Discussion:
[uWSGI] Monitoring backlog queue
Jean-Baptiste Quenot
2011-02-01 13:36:28 UTC
Permalink
Hi there,

Is it possible to monitor the size of the backlog queue (number of
incoming requests waiting for a worker to handle the request)? And
the max wait time?

I'm looking for stats similar to pgbouncer's 'show pools'
http://pgbouncer.projects.postgresql.org/doc/usage.html

As stated in pgbouncer's doc: maxwait == How long the first (oldest)
client in queue has waited, in seconds. If this starts increasing,
then the current pool of servers does not handle requests quick
enough. Reason may be either overloaded server or just too small of a
pool_size setting.

Thanks,
--
Jean-Baptiste Quenot
Roberto De Ioris
2011-02-01 13:56:50 UTC
Permalink
Post by Jean-Baptiste Quenot
Hi there,
Is it possible to monitor the size of the backlog queue (number of
incoming requests waiting for a worker to handle the request)?
This is already done in the master process if you use TCP sockets on Linux
(no way for UNIX socket). It alert you when the backlog is getting full,
but i can easily export this value to the uwsgi api.

And
Post by Jean-Baptiste Quenot
the max wait time?
This is harder as the webserver must pass the timestamp it started sending
the request. I have sent some month ago a patch to the nginx list to
export a $time variable but got rejected :(
--
Roberto De Ioris
http://unbit.it
t***@smail.ee
2011-02-01 14:24:34 UTC
Permalink
Hello Roberto,

can you also export current used core count? "busy cores" during async. or it's
already done?
Roberto De Ioris
2011-02-03 20:18:05 UTC
Permalink
Post by t***@smail.ee
Hello Roberto,
can you also export current used core count? "busy cores" during async. or it's
already done?
I do not think it is "realiable"

Take this situation:

0 running
1 running
2 unused
3 running
4 unused
5 running
6 unused

The value will report 7 core running...

It would be better to add another counter that increment after every
accept() and decrement after every close()

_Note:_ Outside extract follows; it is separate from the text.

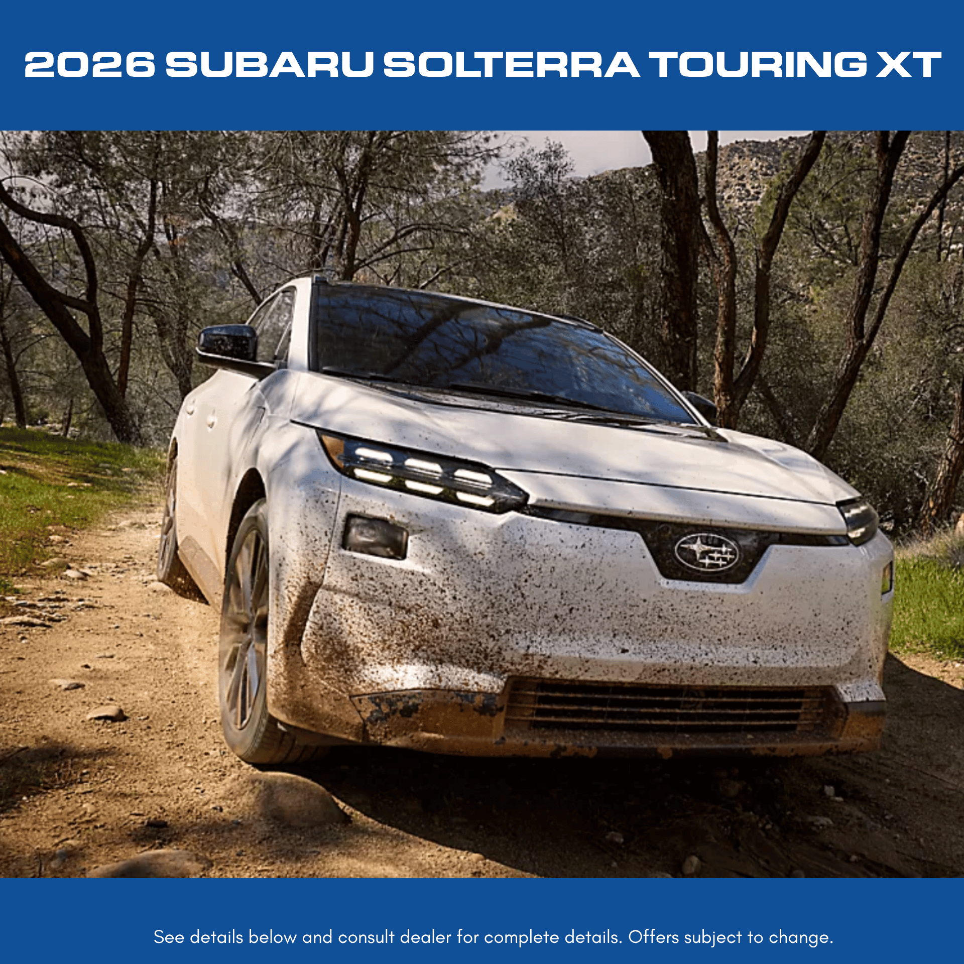 2026 Subaru Solterra Premium (Stock - 261042, Model Code TED 11) 0% APR financing up to 75 months. $22.53 per month per $1,000 financed. Lease at $224/month for 36 months with $3,999 due at signing plus tax, title, license. 7,500 miles/year. $395 dealer fee. To approved credit. While supplies last.

I will add this in 0.9.7 (i think its async stack will be finished in a
couple of days)
--
Roberto De Ioris
http://unbit.it
Jean-Baptiste Quenot
2011-02-14 14:50:41 UTC
Permalink
Post by Roberto De Ioris
Post by Jean-Baptiste Quenot
Is it possible to monitor the size of the backlog queue (number of
incoming requests waiting for a worker to handle the request)?
This is already done in the master process if you use TCP sockets on Linux
(no way for UNIX socket). It alert you when the backlog is getting full,
but i can easily export this value to the uwsgi api.
I switched back to TCP sockets and get this in uwsgi output in production:

Mon Feb 14 15:18:27 2011 - *** uWSGI listen queue of socket 4 full !!!
(129/128) ***
Mon Feb 14 15:18:28 2011 - *** uWSGI listen queue of socket 4 full !!!
(129/128) ***
Mon Feb 14 15:18:29 2011 - *** uWSGI listen queue of socket 4 full !!!
(129/128) ***
Mon Feb 14 15:18:30 2011 - *** uWSGI listen queue of socket 4 full !!!
(129/128) ***
Mon Feb 14 15:18:31 2011 - *** uWSGI listen queue of socket 4 full !!!
(129/128) ***
Mon Feb 14 15:18:32 2011 - *** uWSGI listen queue of socket 4 full !!!
(129/128) ***
Mon Feb 14 15:18:33 2011 - *** uWSGI listen queue of socket 4 full !!!
(129/128) ***
Mon Feb 14 15:18:34 2011 - *** uWSGI listen queue of socket 4 full !!!
(128/128) ***
SIGPIPE: writing to a closed pipe/socket/fd (probably the client
disconnected) on request /status !!!
write(): Broken pipe [plugins/python/wsgi_subhandler.c line 186]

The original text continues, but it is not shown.